Looking at this again, I think I was under the mistaken impression that the DISubprogram's scope would have to be the compile unit, but it seems we also currently allow it to be a DIFile (or any other kind of scope). In that case, I suppose the behavior that the backend expects is that every DISubprogram is referenced from some DICompileUnit contained in llvm.dbg.cu. I'll implement a Verifier pass to that extent.
Two things I remember:
1. There's difference between subprogram definitions and subprogram declarations. Declarations seem to just be part of the type hierarchy.
2. Subprogram definitions need to be referenced from the compile units.

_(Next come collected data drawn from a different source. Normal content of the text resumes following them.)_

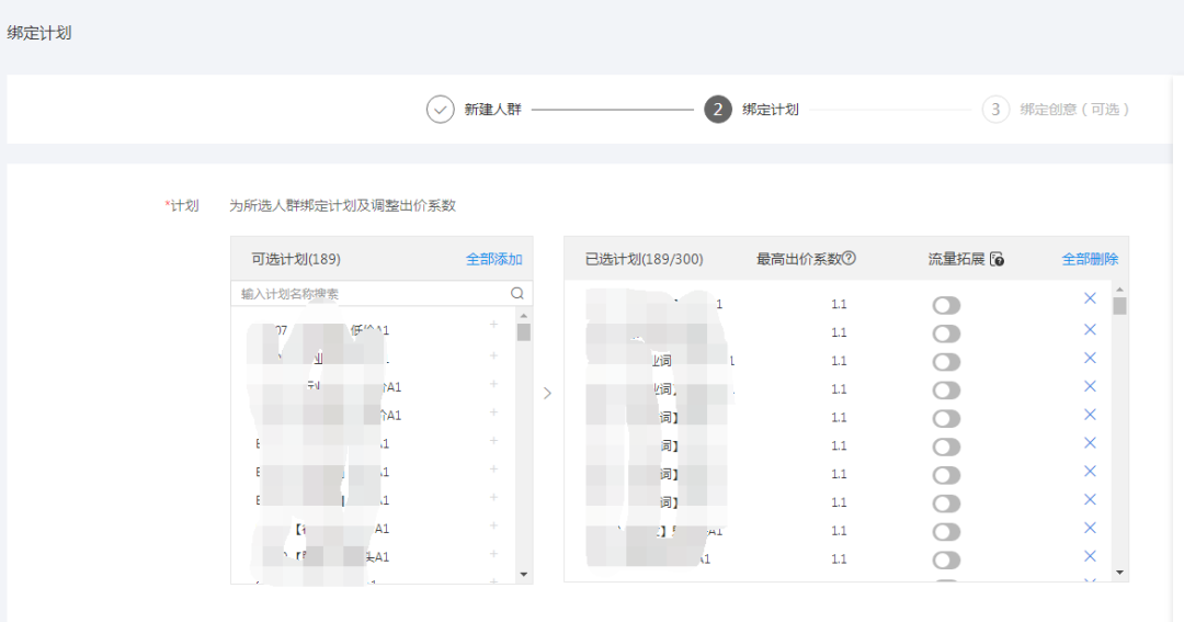 此人群计划建完以后,就关联了账户指定计划。如果人群计划还需要关联ecpc,获取更多大数据智能投放,进入【ocpc】管理页面继续绑定。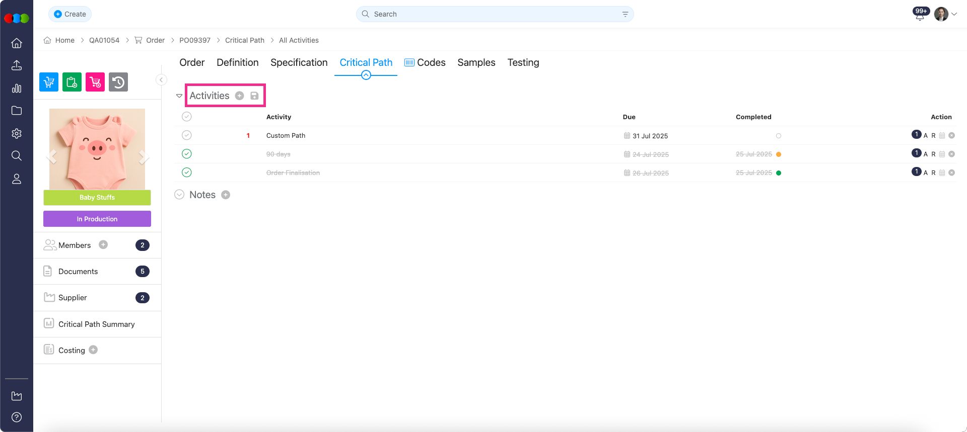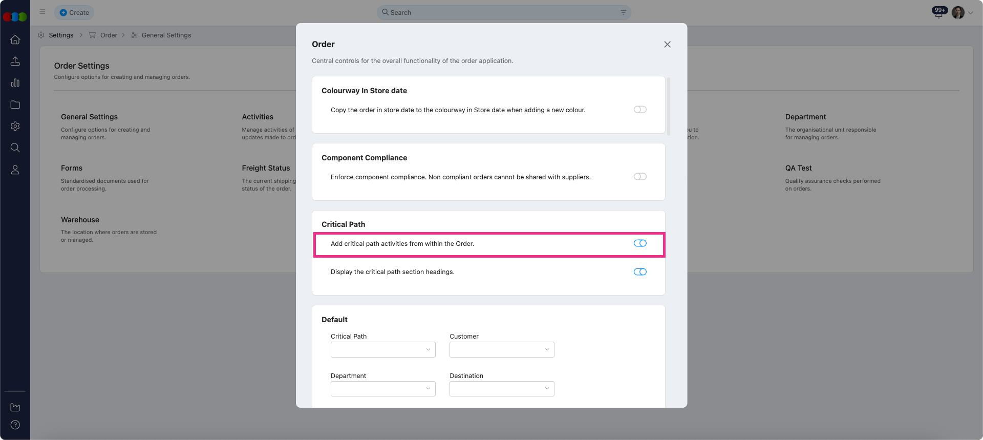 To enhance process control, we've introduced a new setting for managing Critical Path activities within Orders.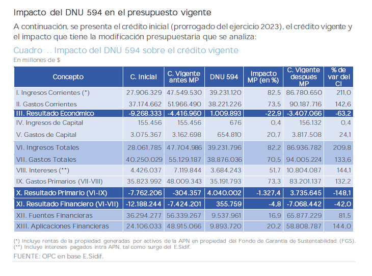 El análisis corresponde a la Oficina del Presupuesto del Congreso y hace referencia al impacto del DNU/594, por medio del cual se sumaron créditos presupuestarios por un total de $39 billones.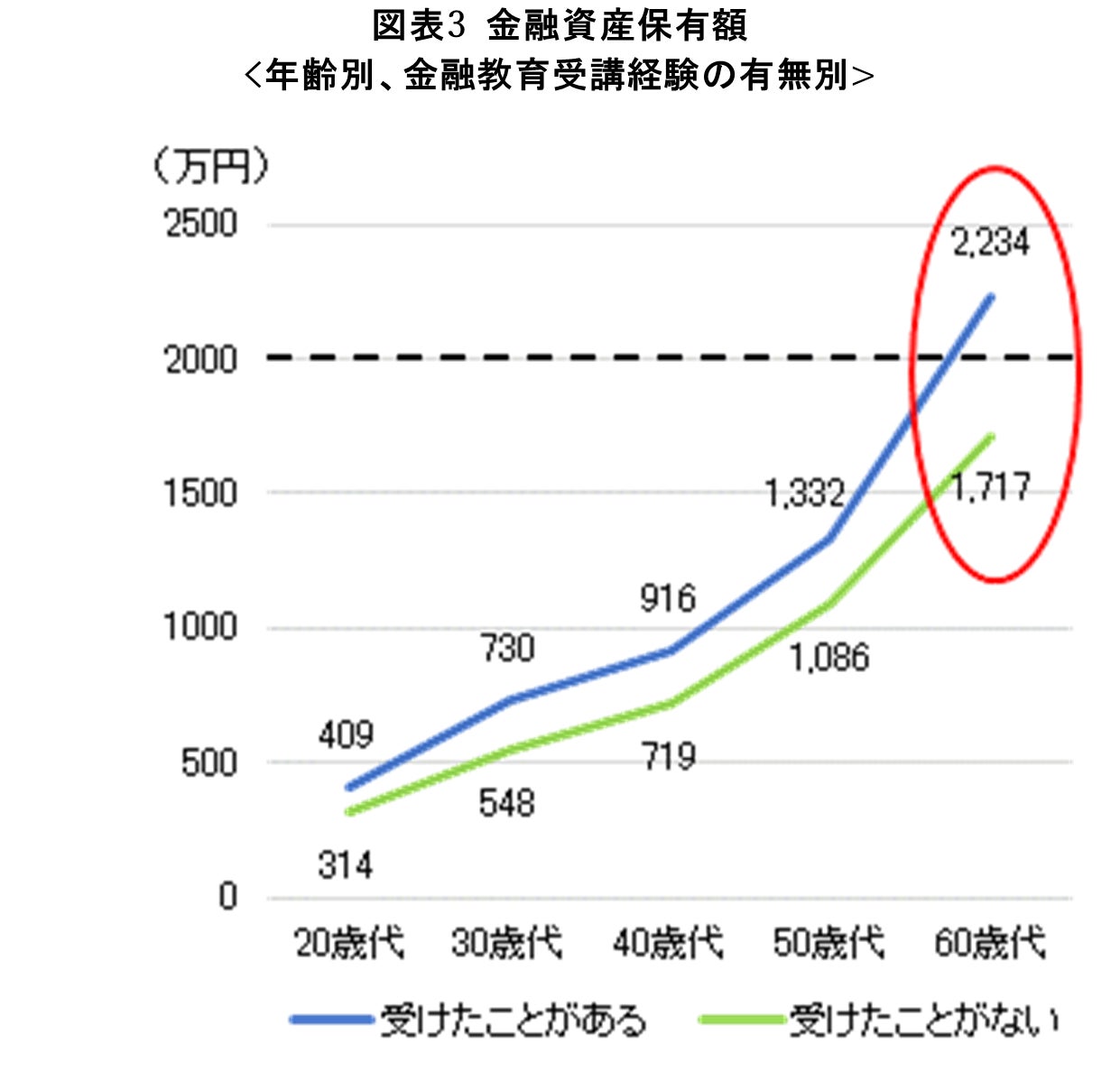 そして、受講経験の有無により、60歳代の金融資産保有額には500万円以上の差が生じることがわかった。

IMO this link (2) should be reversed: we should reference compile units from subprogram definitions (through a new cu: field) and drop the reference in the other direction. This would be far more convenient for LTO (or llvm-link in general), but it causes a semantic change and I never worked through the implications of that.
>
> Looking at this again, I think I was under the mistaken impression that
the DISubprogram's scope would have to be the compile unit, but it seems we
also currently allow it to be a DIFile (or any other kind of scope). In
that case, I suppose the behavior that the backend expects is that every
DISubprogram is referenced from some DICompileUnit contained in
llvm.dbg.cu. I'll implement a Verifier pass to that extent.
Two things I remember:
1. There's difference between subprogram definitions and subprogram
declarations. Declarations seem to just be part of the type hierarchy.
2. Subprogram definitions need to be referenced from the compile units.

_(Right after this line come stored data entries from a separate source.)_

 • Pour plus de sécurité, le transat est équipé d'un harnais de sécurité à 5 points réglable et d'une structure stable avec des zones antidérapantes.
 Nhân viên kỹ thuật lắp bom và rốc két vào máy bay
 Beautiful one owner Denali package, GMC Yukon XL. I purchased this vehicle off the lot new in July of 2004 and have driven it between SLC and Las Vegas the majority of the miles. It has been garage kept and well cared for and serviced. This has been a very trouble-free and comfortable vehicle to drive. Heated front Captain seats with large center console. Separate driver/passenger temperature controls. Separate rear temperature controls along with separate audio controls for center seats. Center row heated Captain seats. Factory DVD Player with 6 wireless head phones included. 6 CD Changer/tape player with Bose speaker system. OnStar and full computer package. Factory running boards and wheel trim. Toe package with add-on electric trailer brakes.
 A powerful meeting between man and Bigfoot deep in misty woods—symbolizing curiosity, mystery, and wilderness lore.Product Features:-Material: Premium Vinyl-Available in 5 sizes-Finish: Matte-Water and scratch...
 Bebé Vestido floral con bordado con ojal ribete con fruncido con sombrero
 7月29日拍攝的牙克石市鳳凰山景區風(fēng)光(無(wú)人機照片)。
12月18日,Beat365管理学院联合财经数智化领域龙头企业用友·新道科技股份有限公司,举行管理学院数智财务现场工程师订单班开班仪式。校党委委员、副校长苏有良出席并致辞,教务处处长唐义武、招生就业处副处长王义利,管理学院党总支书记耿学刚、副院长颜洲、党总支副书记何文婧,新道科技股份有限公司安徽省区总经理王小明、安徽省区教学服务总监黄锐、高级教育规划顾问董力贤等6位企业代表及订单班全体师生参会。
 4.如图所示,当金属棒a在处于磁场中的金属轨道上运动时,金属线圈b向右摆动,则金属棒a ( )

IMO this link (2) should be reversed: we should reference compile units
from subprogram definitions (through a new cu: field) and drop the
reference in the other direction. This would be far more convenient for
LTO (or llvm-link in general), but it causes a semantic change and I never
worked through the implications of that.
I'd probably be OK with that.
Though I will note that I don't /think/ (2) is true right now, and I think
we actually violate (2) intentionally, perhaps.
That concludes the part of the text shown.